- [WHAT YOU ARE ASKED TO DO] Every entry in the data is to be written out exactly; no picture belongs in the copy.

Source records:
....................
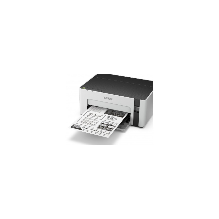 Монохромний принтер Epson М1100 - це компактний і зручний у використанні струменевий принтер з великими ємностями для чорнила об'ємом 120 мл. замість картриджів. Завдяки своїй унікальній конструкції Epson M1100 дозволяє друкувати документи з рекордно низькою собівартістю, а за рахунок використання пігментних чорнил відбитки миттєво висихають і не розмазуються при попаданні води або механічного впливу.
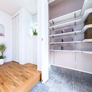ベビーカーなどもそのまま置ける広い土間が特徴の...
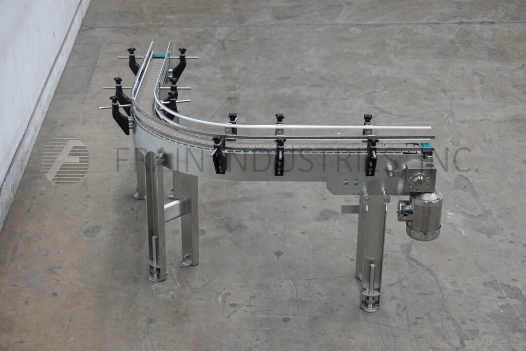 Custom Cut Metal, Model CCMM015792, 90° stainless steel frame conveyor. Equipped with a 4½" wide belt, 48" long infeed to 90° left hand turn to a 48" long discharge with a 33" – 38" infeed / discharge height range and powered by a ½ hp drive.
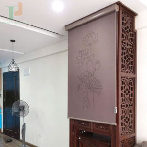 Rèm bàn thờ chung cư khắc laze họa tiết hoa sen KHS29
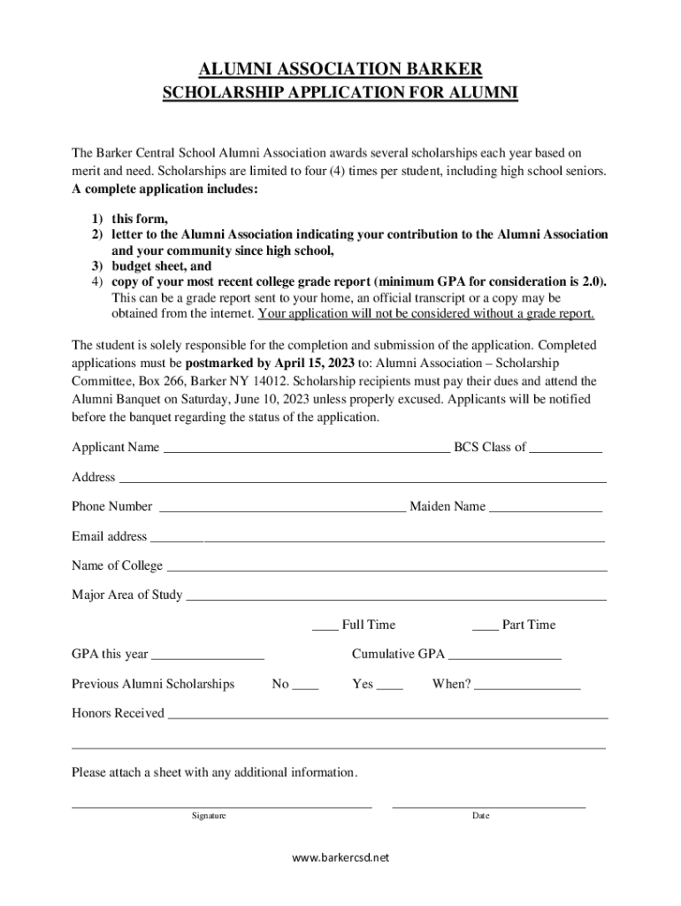 ALUMNI ASSOCIATION BARKER SCHOLARSHIP APPLICATION FOR Alumni Barker Central School Alumni Association awards several scholarships each year based on merit and need. Scholarships are limited to four
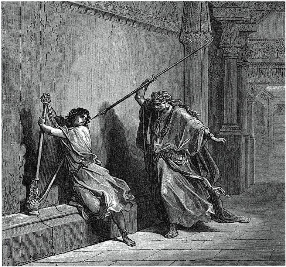 이스라엘의 첫 번째 왕인 사울(왼쪽)과 창을 던져 다윗을 죽이려고 하는 사울 왕
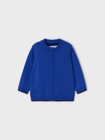Casaco de malha menino em algodão. Tem decote redondo, manga comprida, fecho de correr e acabamentos canelados com risca em cor contrastante.Cuidado de lavado
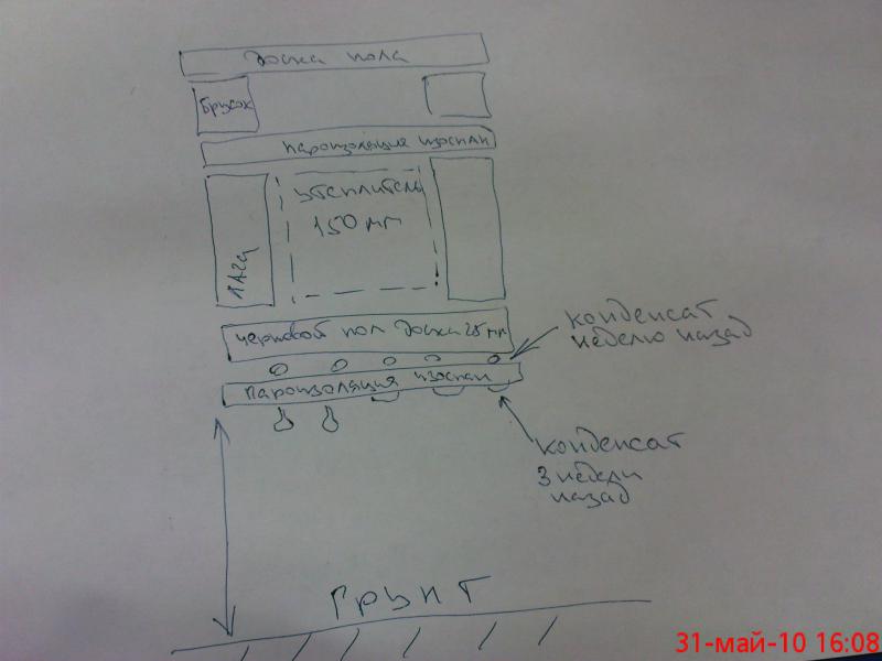 Залезал вчера на поверхности конденсата нет присмотрелся вода уже под изоспаном между изоспаном и черным полом пришлось отодрать всю пароизоляцию от черного пола все доски мокрые.
....................
- [RESPONSE TO THIS TASK]
 Монохромний принтер Epson М1100 - це компактний і зручний у використанні струменевий принтер з великими ємностями для чорнила об'ємом 120 мл. замість картриджів. Завдяки своїй унікальній конструкції Epson M1100 дозволяє друкувати документи з рекордно низькою собівартістю, а за рахунок використання пігментних чорнил відбитки миттєво висихають і не розмазуються при попаданні води або механічного впливу.
ベビーカーなどもそのまま置ける広い土間が特徴の...
 Custom Cut Metal, Model CCMM015792, 90° stainless steel frame conveyor. Equipped with a 4½" wide belt, 48" long infeed to 90° left hand turn to a 48" long discharge with a 33" – 38" infeed / discharge height range and powered by a ½ hp drive.
 Rèm bàn thờ chung cư khắc laze họa tiết hoa sen KHS29
 ALUMNI ASSOCIATION BARKER SCHOLARSHIP APPLICATION FOR Alumni Barker Central School Alumni Association awards several scholarships each year based on merit and need. Scholarships are limited to four
 이스라엘의 첫 번째 왕인 사울(왼쪽)과 창을 던져 다윗을 죽이려고 하는 사울 왕
Casaco de malha menino em algodão. Tem decote redondo, manga comprida, fecho de correr e acabamentos canelados com risca em cor contrastante.Cuidado de lavado
 Залезал вчера на поверхности конденсата нет присмотрелся вода уже под изоспаном между изоспаном и черным полом пришлось отодрать всю пароизоляцию от черного пола все доски мокрые.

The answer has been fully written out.